• **Task to complete**: Restate word for word the lines below that run from the one holding "의미를 갖고 있습니다. |" through the one holding "圖①:上海市浦東新區(qū)", inclusive. Pictures don't belong in the copy.

• **Dataset**:
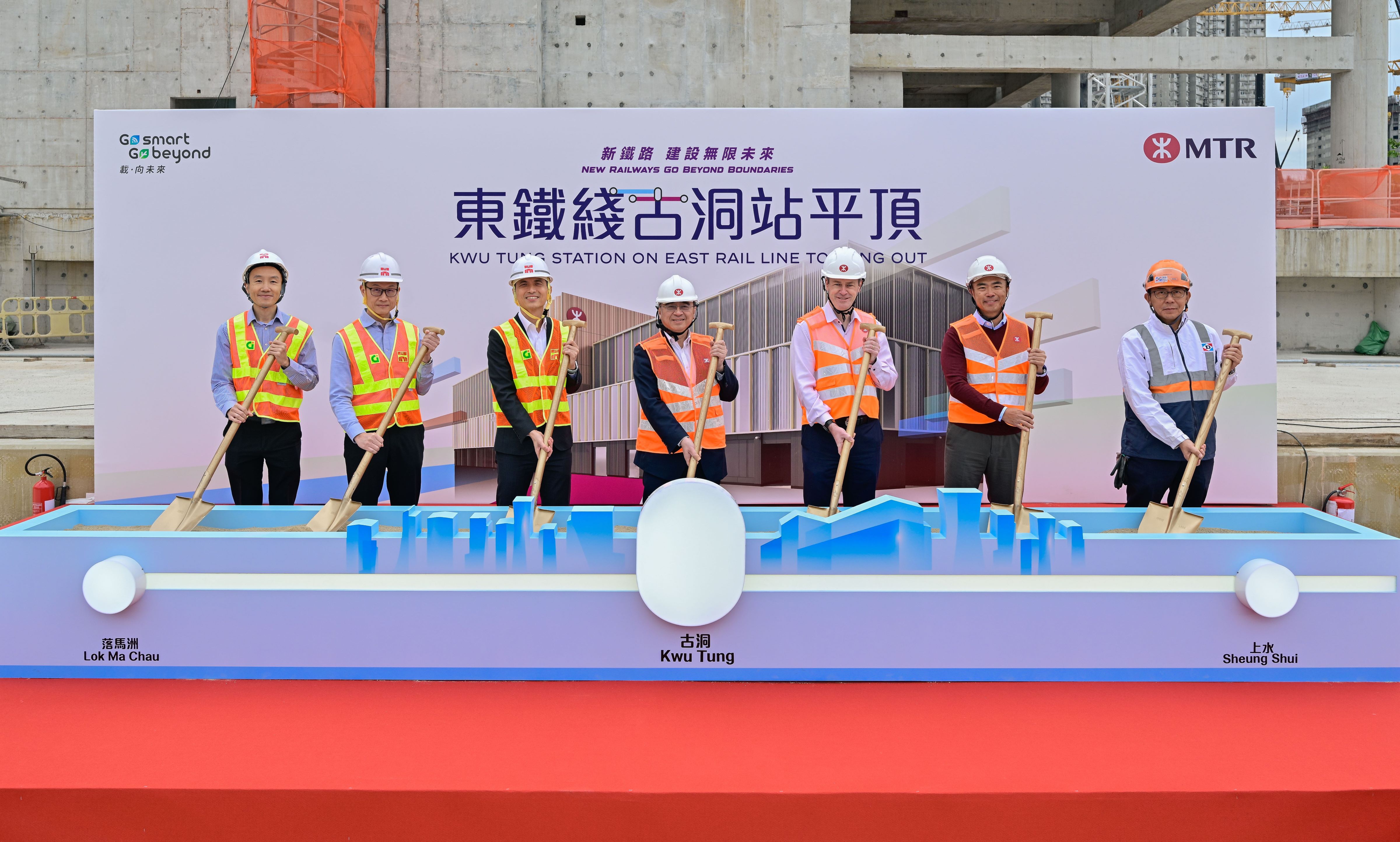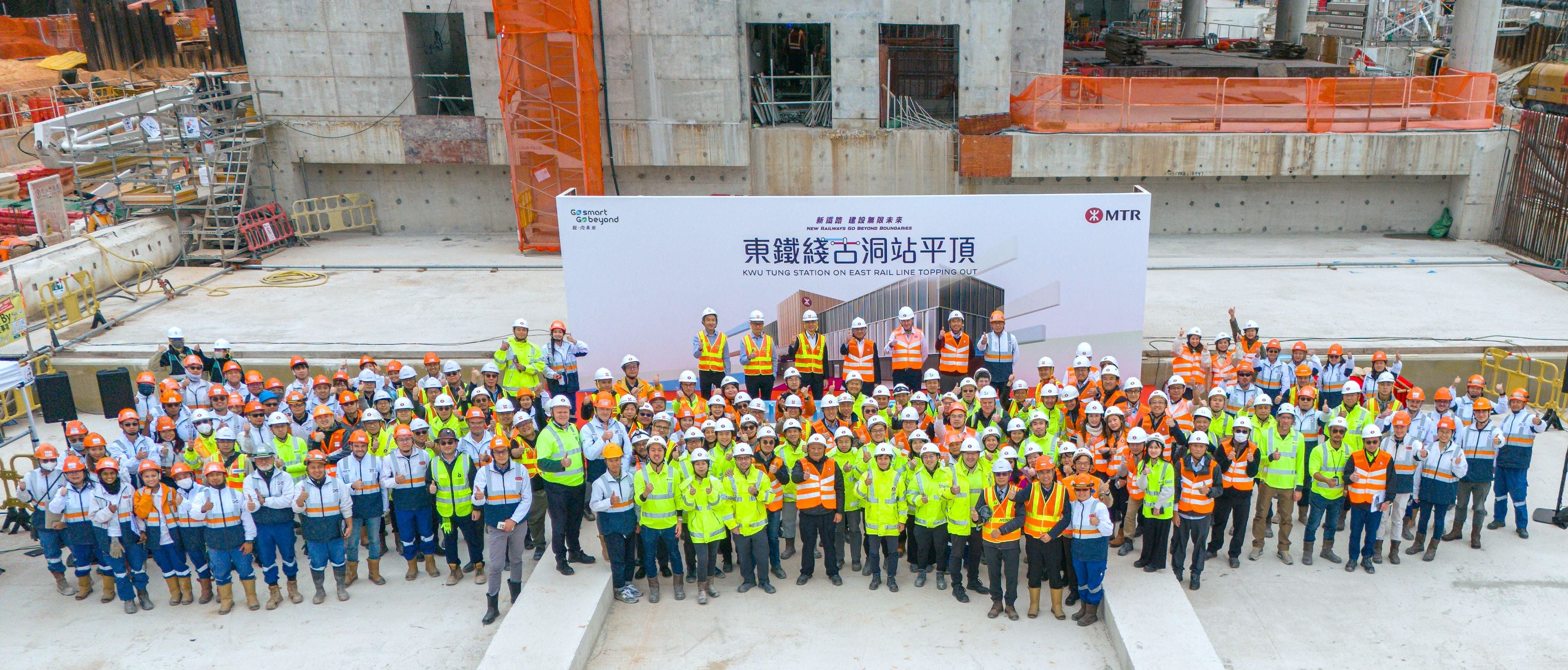 東鐵綫古洞站*的土木建造工程已大致完成,並於2025年11月19日舉行平頂儀式。行政總裁金澤培博士、項目及工程拓展總監鄧輝豪先生,聯同運輸及物流局常任秘書長丘卓恒先生及承建商代表等主持儀式,見證項目建設的重要里程碑。
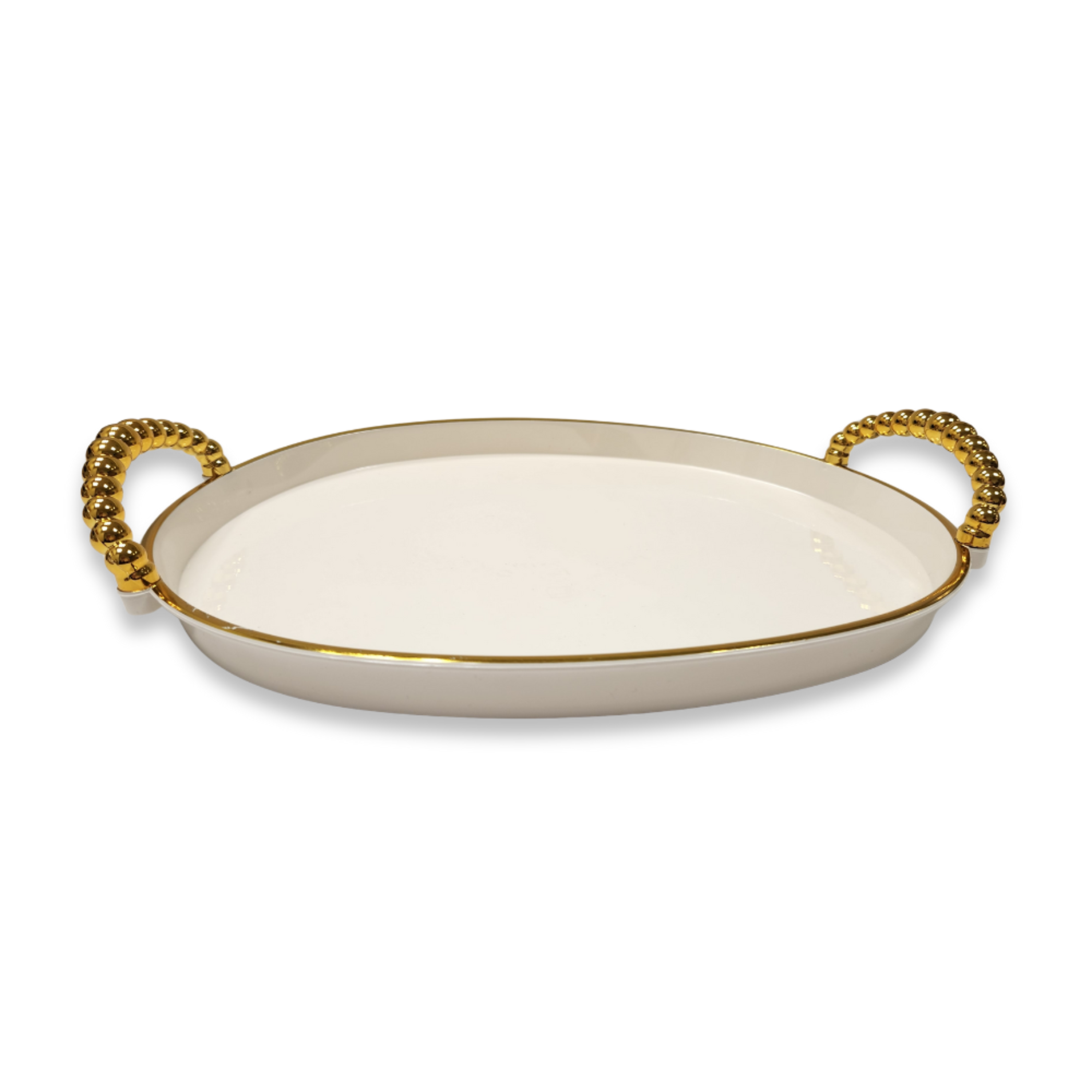 מגש אקריליק אובלי קטן עם ידיות - קרם זהב,
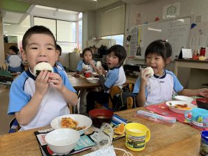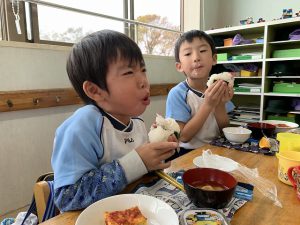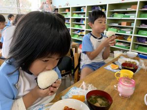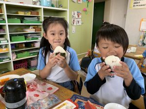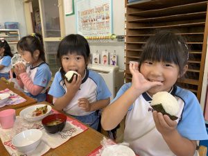 また、園庭でご飯を炊いて、今度は色々な具を入れておにぎり作りを楽しみたいですね!
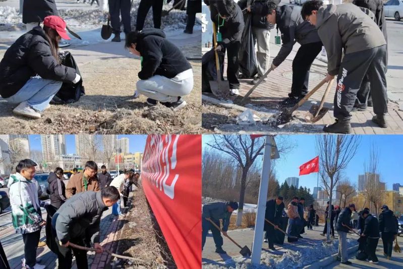 在公共分担区清扫过程中,同学们凝聚合力,认真进行垃圾清理,形成“全民参与,齐抓共管,常态长效,共建校园”的生动局面。
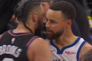 GIF-库里与狄龙、杰伦·格林拥抱致意!
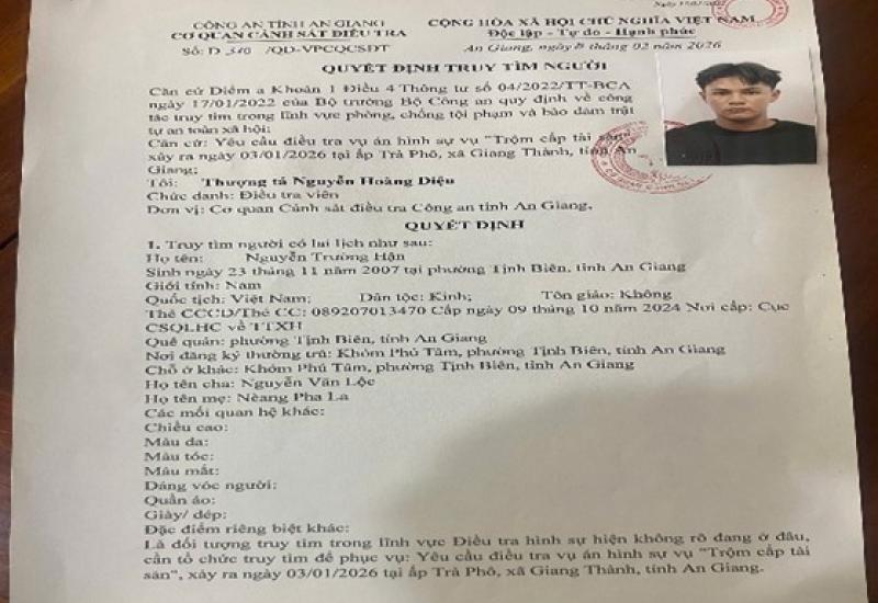 Ngày 10/6/2025, Phòng Cảnh sát Giao thông Công an tỉnh An Giang có thông báo số 33/TB-PC08-XL về việc lựa chọn tổ chức hành nghề đấu giá tài sản:
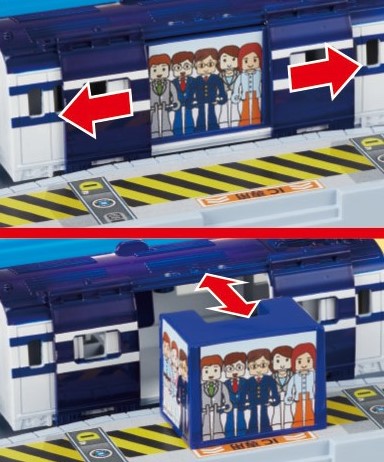 都市部と郊外を結ぶ通勤特急であるこの車両の中間車両には、セットに含まれる駅パーツを使ってお客さんを乗せ降ろし遊びができるギミックがあります。
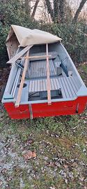 Scafo Canadian 437, sponda alta, fatta riverniciare circa 4 anni fa da ditta specializzata, assenza di infiltrazioni. Stabile e leggera, ottima sia per impego ad elettrico, che con motore a scoppio in acque più importanti. Internamente realizzata parziale pianalatura, leggerissima, con profili e pannelli di alluminio rivestiti con tappetino in EVA ad alta densità, antiscivolo ed antirumore. La panca centrale è stata modificata inserendo dei profili di rinforzo metallici inferiori, in modo da rendere il pozzetto centrale continuo da poppa a prua, in stile pike boat, col risultato di avere un pozzetto più sicuro ed agevole anche in caso di onda o forte vento. Realizzato impianto elettrico per alimentazione ecoscandaglio ed illuminazione interna dello scafo. Prezzo per il solo scafo: prezzo 1'900 € trattabili.
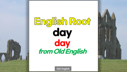 | 영어 어근 day는 고대 영어(Old English) dæg에서 유래했습니다. 하루, day라는 기본적인 의미를 갖고 있습니다. |
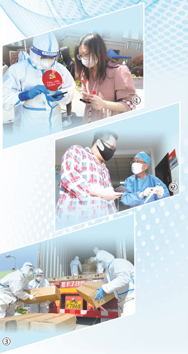 圖①:上海市浦東新區(qū)惠南鎮(zhèn)建欣苑臨時黨支部黨員(左)在核酸檢測現(xiàn)場給居民掃碼。方宏生攝(人民視覺)
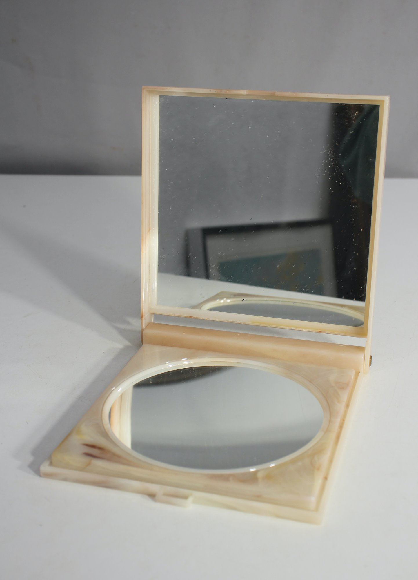 This listing features a beautiful vintage compact made of faux tortoiseshell. The compact includes two mirrors: one standard and one magnifying, enclosed in a sleek and elegant case. Perfect for collectors or as a functional accessory for on-the-go touch-ups.
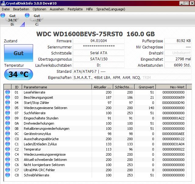 Per S.M.A.R.T. habe ich nicht die passenden Parameter gefunden.
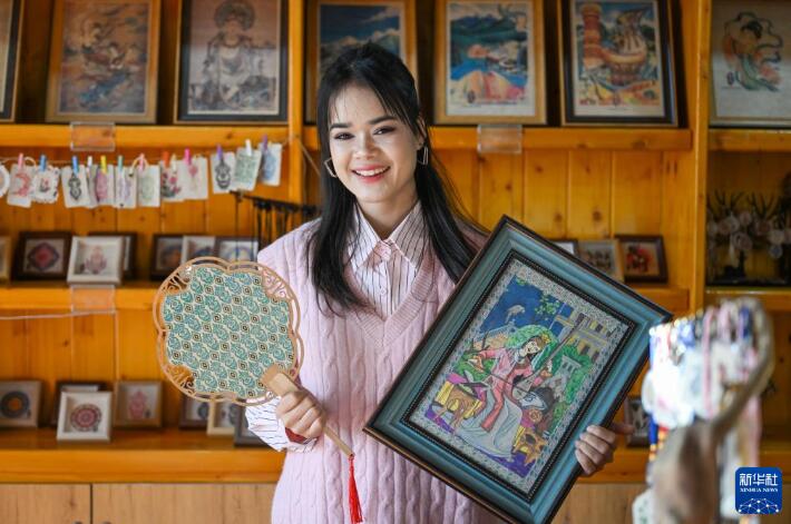 “每当画笔落在桑皮纸上,我都能感觉到,自己连起了家乡的过去和未来。”2025年从新疆艺术学院视觉传达设计专业毕业的穆耶赛尔,选择回到家乡,成为一名桑皮纸文创产品设计师。她的工作台上,摆满了自己设计的桑皮纸装饰画、冰箱贴、艺术台灯等产品,每一件都注入了她对于传统文化的理解与巧思创新的尝试。
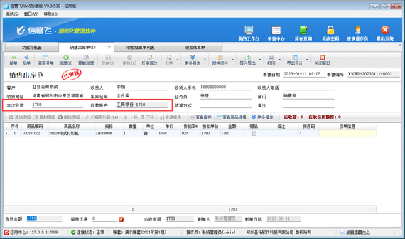 收款結算單可用于登記收款信息,并結銷應收款記錄,信管飛軟件支持在開銷售出庫單時直接輸入本次收款金額,銷售出庫單審核后軟件會自動生成收款結算單并結銷該單據產生的應收款。
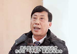 綠之韻集團(tuán)黨支部書(shū)記許達(dá)仲在大會(huì)作了題為《學(xué)習(xí)十八大精神,堅(jiān)持理想信念》的學(xué)習(xí)輔導(dǎo)報(bào)告,報(bào)告針對(duì)黨的“十八大”會(huì)議的特點(diǎn)、過(guò)程以及會(huì)議基本情況進(jìn)行了詳細(xì)介紹,并從“十八大”要點(diǎn)、關(guān)鍵詞、新要求、新特點(diǎn)、黨章修改等幾個(gè)方面重點(diǎn)解讀了黨的十八大會(huì)議有關(guān)文件精神。對(duì)胡錦濤同志所作的題為《堅(jiān)定不移沿著中國(guó)特色社會(huì)主義道路前進(jìn)為全面建成小康社會(huì)而奮斗》的十八大報(bào)告中的旗幟路線、指導(dǎo)思想、腐敗問(wèn)題、司法、未來(lái)目標(biāo)、工作成績(jī)、政治體制改革、黨建工作、黨內(nèi)民主、軍隊(duì)建設(shè)、臺(tái)灣問(wèn)題、國(guó)際事務(wù)等12個(gè)重大主題進(jìn)行了逐條闡述,全面解讀了報(bào)告的精神實(shí)質(zhì)。輔導(dǎo)報(bào)告聯(lián)系實(shí)際,內(nèi)容豐富,深入淺出,通俗易懂,具有很強(qiáng)的理論性、針對(duì)性和指導(dǎo)性。
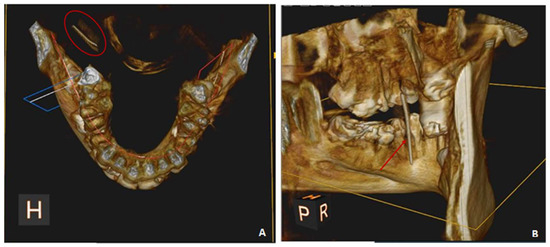 - Kim, J.-H.; Moon, S.-Y. Removal of a Broken Needle Using Three-Dimensional Computed Tomography: A Case Report. J. Korean Assoc. Oral Maxillofac. Surg. 2013, 39, 251. [Google Scholar] [CrossRef]

• **Written response**:
 | 영어 어근 day는 고대 영어(Old English) dæg에서 유래했습니다. 하루, day라는 기본적인 의미를 갖고 있습니다. |
 圖①:上海市浦東新區(qū)惠南鎮(zhèn)建欣苑臨時黨支部黨員(左)在核酸檢測現(xiàn)場給居民掃碼。方宏生攝(人民視覺)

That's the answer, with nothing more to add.